* _TASK DESCRIPTION_: Only the lines from the one with "Sự ra đi của" to the end of the data below should be given again, exactly, with both ends included and pictures omitted.

(Beginning of COLLECTED MATERIAL)

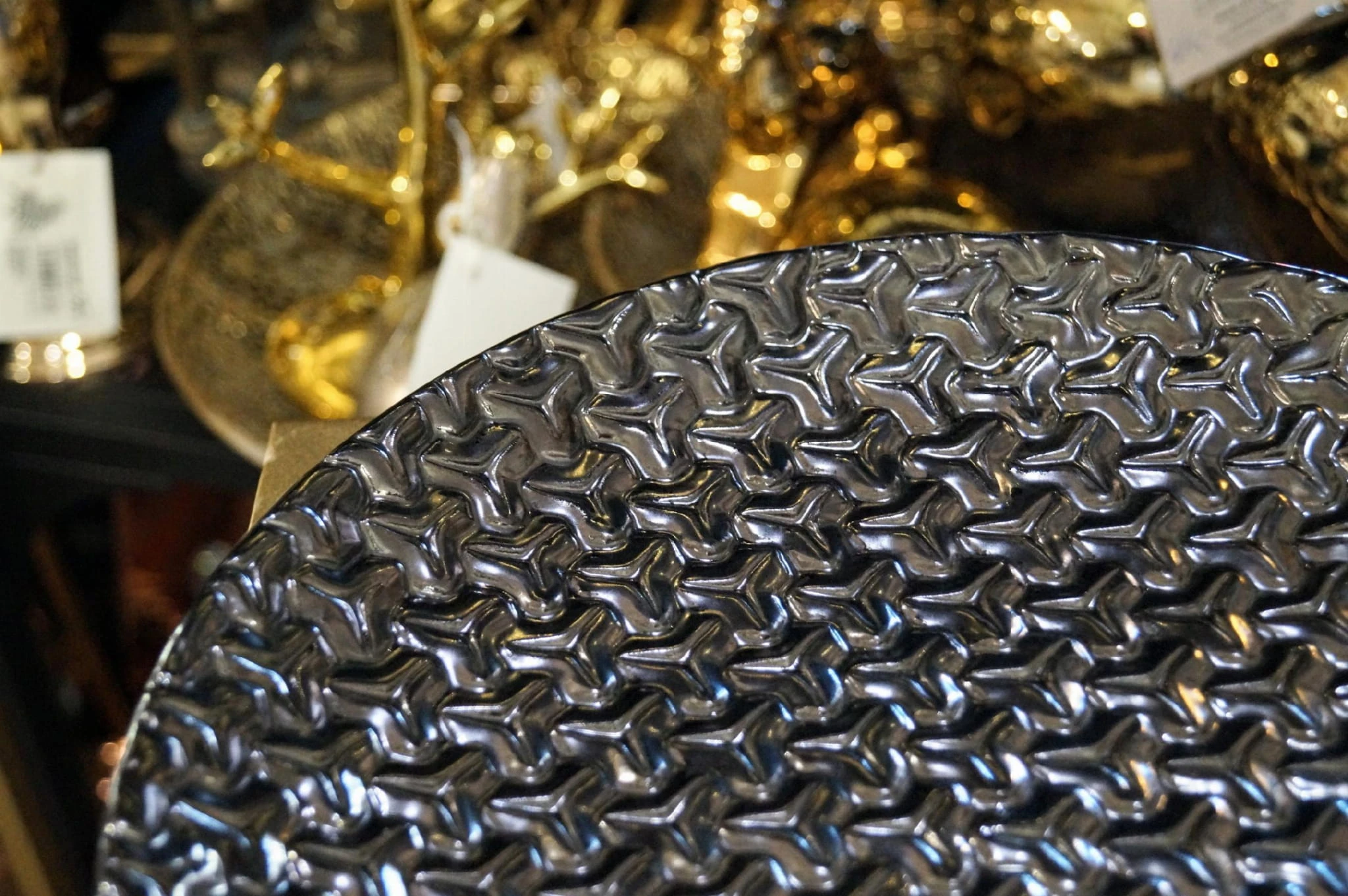 Talerz grafit jest to idealny dodatek do dekoracji. Możemy łączyć go ze świecami, ale również sprawdzi się jako miejsce na biżuterię. Jest on wykonany z ceramiki. Kolorystyka jest bardzo nowoczesna.
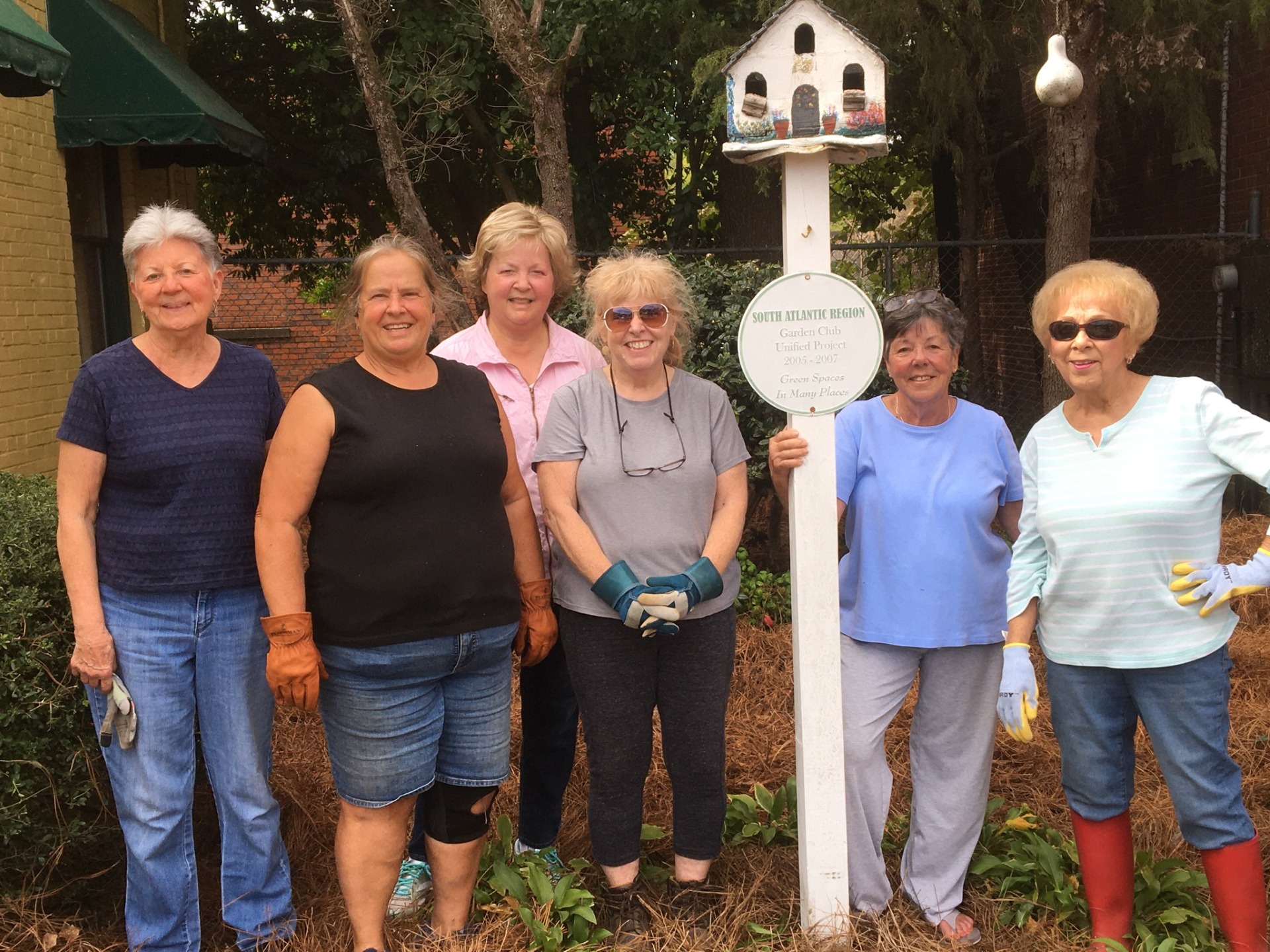 DOGWOOD GARDEN CLUB WORKS ON GARDEN PLOT BY LATTA POST OFFICE
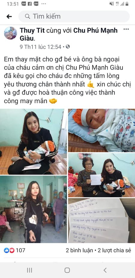 Sự ra đi của vợ khiến anh Vũ Văn Hoài, SN 1976 (Đoàn Lập, Tiên Lãng, Hải Phòng) đang công tác trong Nha Trang sốc nặng. Về nhà lo tang sự cho vợ, chăm con thiếu vắng hơi mẹ, anh Hoài vật lộn, xoay sở chống đỡ. Bị dứt sữa mẹ đột ngột, cho sữa bột cũng không uống, bé Vũ Gia Hưng, SN 17/10/2019, khóc ngằn ngặt thèm sữa mẹ. Lòng quặn thắt thương con, cực chẳng đã, anh Hoài đành nhờ em vợ lên mạng đăng đàn xin trợ giúp nguồn sữa mẹ cho con.
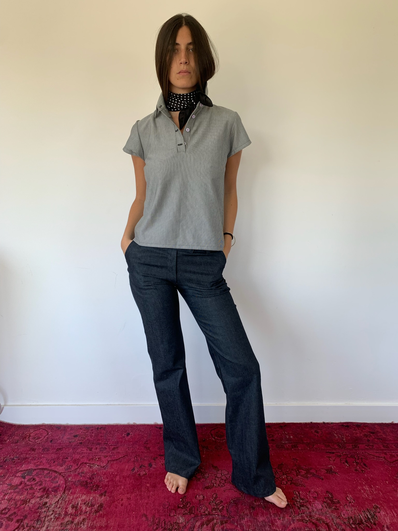 Remera polo de manga corta a rayas finas en 100% algodón, con botones frontales en color lila.

(End of COLLECTED MATERIAL)

* _RESPONSE AREA_:
 Sự ra đi của vợ khiến anh Vũ Văn Hoài, SN 1976 (Đoàn Lập, Tiên Lãng, Hải Phòng) đang công tác trong Nha Trang sốc nặng. Về nhà lo tang sự cho vợ, chăm con thiếu vắng hơi mẹ, anh Hoài vật lộn, xoay sở chống đỡ. Bị dứt sữa mẹ đột ngột, cho sữa bột cũng không uống, bé Vũ Gia Hưng, SN 17/10/2019, khóc ngằn ngặt thèm sữa mẹ. Lòng quặn thắt thương con, cực chẳng đã, anh Hoài đành nhờ em vợ lên mạng đăng đàn xin trợ giúp nguồn sữa mẹ cho con.
 Remera polo de manga corta a rayas finas en 100% algodón, con botones frontales en color lila.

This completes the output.